If you’ve had any degree of vocal training in the Western classical tradition, you’ve encountered the 24 Italian Songs book.
Folks love to hate on em. You can search the YouTubes and find a lot of nascent singers doing their best.
You can also find some of the world’s greatest like Cecilia Bartoli bring them to stunning life.
Theatre singers often give these the hard eye roll because they can’t see how a 250-year-old art song is gonna help them nail that Hairspray callback.
And they’re right. It’s not a direct line. Add to that most singers don’t take the trouble to find out what they’re singing about, and yeah, absolutely — you’re in irrelevant-to-me snooze town right away.

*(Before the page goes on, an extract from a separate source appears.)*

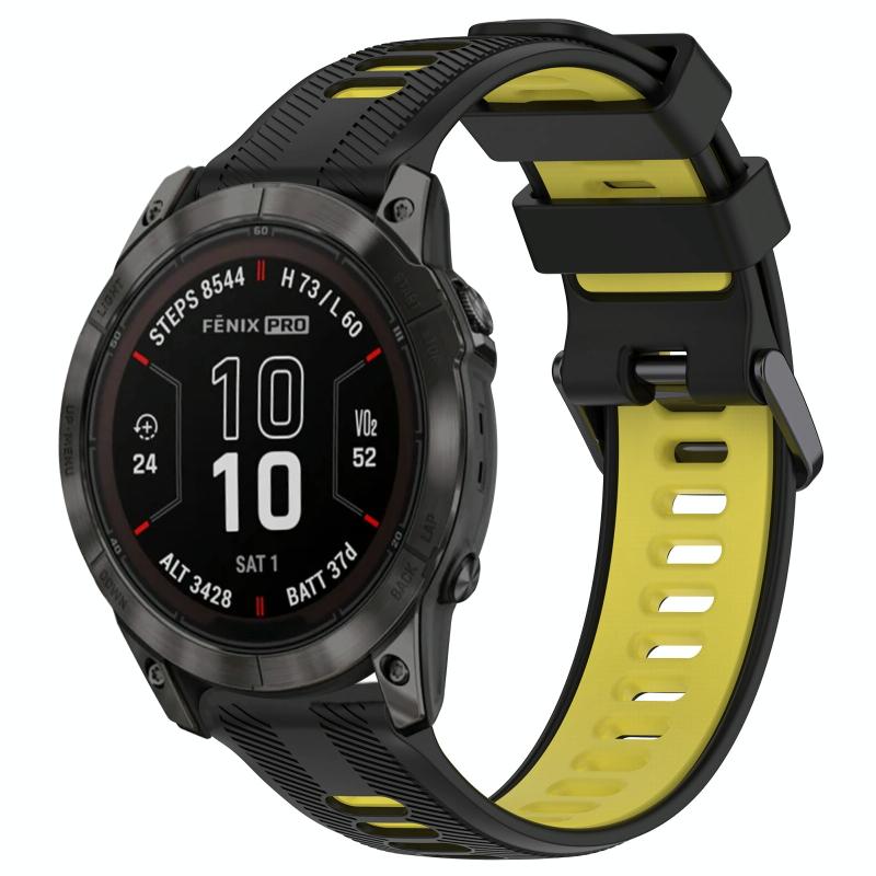 Για Garmin Fenix 7 Pro Αθλητικό Διχρωμικό Λουράκι Σιλικόνης (Μαύρο+Κίτρινο)

But when you’re a theatre singer, you get to embody countless stories and folks, and that means countless sounds. And these songs have a lot to teach us about how to access those in beautiful, soul sharing ways.
I’m remembering reading the program notes from Betty Buckley’s concert at the Donmar Warehouse in 2000; she talked about how her core training was in bel canto technique, and you can hear the value for legato singing, communication of soul, and vibrant presence in everything she did/does.
Go listen to some “Memory” circa 1983 as well as the stuff she sang in “Tender Mercies” and you’re gonna hear legato flow in all of it. If there’s a theatre singer you wanna take a note or seven from, there you go.
These can give you the keys to flow in your breath and sound, vowel secrets and acoustic leverage, make your articulation clear and effortless, make you a flexible embody-er of character, give you terrific sound comparison tools, and show you how to mine the beauty in material folks call overdone.